[Django]-Django 1.5 extend admin/change_form.html object tools

5👍

The problem is that admin/change_form.html in your {% extend %} block is getting resolved as project/app/templates/admin/change_form.html.

One solution is to create a subdirectory of templates named for your app – possibly project/templates/admin/app/change_form.html.

In order to override one or more of them, first create an admin directory in your project’s templates directory. This can be any of the directories you specified in TEMPLATE_DIRS.

Within this admin directory, create sub-directories named after your app.

https://docs.djangoproject.com/en/dev/ref/contrib/admin/#overriding-vs-replacing-an-admin-template

2👍

That’s because you’re extending the template with itself. What I do is put my custom admin templates in templates/admin. Then in that same folder I symlink to the django admin folder (templates/admin/admin).

So my extends looks like:

 {% extends 'admin/admin/change_form.html' %}

Make sure you also override index.html if you want to go down that path.

0👍

The best way to do this that I have found is to use '..' to go up a couple of directories, then go back down into directories that should only be found in the Django code base.

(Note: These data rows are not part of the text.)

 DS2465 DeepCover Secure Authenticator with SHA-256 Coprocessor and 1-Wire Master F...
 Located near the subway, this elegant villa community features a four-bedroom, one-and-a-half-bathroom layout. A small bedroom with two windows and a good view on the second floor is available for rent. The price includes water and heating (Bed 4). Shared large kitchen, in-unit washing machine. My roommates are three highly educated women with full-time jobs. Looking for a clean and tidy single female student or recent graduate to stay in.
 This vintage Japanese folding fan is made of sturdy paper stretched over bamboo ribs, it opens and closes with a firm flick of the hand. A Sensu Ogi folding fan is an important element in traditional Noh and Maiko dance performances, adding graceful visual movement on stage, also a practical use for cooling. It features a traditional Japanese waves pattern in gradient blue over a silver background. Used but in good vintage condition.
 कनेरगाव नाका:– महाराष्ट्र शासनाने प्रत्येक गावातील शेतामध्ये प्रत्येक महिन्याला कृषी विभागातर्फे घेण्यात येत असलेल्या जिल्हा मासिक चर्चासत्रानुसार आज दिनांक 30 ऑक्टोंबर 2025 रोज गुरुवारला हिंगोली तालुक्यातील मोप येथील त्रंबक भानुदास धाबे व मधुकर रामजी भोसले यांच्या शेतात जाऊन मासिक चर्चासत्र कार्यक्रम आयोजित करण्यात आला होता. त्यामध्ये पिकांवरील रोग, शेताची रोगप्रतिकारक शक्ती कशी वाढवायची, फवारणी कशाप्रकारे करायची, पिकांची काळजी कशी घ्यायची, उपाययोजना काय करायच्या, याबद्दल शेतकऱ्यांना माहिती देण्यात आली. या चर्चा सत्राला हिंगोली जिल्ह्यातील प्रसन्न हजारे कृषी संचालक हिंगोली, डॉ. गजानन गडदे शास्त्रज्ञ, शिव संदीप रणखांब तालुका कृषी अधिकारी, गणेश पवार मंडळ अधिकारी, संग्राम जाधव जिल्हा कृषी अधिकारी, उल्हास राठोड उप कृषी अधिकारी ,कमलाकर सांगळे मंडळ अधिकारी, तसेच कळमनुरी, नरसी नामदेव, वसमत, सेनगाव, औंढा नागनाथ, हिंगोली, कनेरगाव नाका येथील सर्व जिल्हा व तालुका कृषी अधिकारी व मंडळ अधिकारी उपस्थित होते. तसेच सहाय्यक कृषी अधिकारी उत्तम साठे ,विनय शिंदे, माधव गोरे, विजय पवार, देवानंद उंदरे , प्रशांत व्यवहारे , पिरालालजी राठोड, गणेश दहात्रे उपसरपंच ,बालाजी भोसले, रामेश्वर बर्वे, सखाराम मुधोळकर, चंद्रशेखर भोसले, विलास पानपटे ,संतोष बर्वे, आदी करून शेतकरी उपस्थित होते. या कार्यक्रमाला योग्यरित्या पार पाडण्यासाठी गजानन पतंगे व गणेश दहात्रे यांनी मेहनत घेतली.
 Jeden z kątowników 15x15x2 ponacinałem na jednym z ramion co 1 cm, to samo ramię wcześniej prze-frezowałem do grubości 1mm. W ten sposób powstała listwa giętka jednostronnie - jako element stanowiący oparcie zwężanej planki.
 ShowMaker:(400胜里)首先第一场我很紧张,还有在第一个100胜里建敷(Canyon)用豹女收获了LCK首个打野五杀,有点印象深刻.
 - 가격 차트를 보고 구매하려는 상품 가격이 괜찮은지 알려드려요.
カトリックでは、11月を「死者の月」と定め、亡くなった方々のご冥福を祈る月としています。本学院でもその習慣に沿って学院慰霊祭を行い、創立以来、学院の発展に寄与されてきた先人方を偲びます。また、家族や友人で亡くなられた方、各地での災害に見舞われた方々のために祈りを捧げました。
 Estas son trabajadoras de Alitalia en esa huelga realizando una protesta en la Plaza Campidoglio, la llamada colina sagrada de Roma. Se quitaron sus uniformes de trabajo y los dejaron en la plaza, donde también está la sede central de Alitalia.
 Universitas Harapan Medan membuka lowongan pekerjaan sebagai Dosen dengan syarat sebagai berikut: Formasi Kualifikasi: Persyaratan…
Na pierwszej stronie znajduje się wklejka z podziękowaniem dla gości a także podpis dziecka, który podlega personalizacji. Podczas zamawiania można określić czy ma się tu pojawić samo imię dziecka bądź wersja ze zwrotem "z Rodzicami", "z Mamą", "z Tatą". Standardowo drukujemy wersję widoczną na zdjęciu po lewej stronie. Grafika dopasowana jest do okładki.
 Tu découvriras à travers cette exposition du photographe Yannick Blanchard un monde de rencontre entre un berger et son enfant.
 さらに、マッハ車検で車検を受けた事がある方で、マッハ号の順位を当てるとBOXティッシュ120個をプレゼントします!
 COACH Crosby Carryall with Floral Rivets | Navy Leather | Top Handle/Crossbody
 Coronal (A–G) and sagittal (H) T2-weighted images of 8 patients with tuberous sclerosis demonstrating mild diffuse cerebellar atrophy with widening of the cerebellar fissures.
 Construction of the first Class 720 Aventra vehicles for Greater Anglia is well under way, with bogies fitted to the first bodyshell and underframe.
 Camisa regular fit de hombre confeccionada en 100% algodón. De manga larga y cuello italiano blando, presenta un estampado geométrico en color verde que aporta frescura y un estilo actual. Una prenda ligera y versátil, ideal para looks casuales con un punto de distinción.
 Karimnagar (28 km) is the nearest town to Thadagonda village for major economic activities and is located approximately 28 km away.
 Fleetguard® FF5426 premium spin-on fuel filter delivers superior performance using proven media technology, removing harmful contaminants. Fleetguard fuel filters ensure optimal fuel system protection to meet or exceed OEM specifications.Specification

As the Django templates are in something like "django/contrib/admin/templates/admin", I found that this worked me:

{% extends "../../admin/templates/admin/change_form.html" %}

If that still causes a clash with some other structure you have, you could go further:

{% extends "../../../contrib/admin/templates/admin/change_form.html" %}

or even:

{% extends "../../../../django/contrib/admin/templates/admin/change_form.html" %}

Although it is a little hacky, at least by doing the above you don’t have to use some other technique that involves copying the django source or setting up a symlink.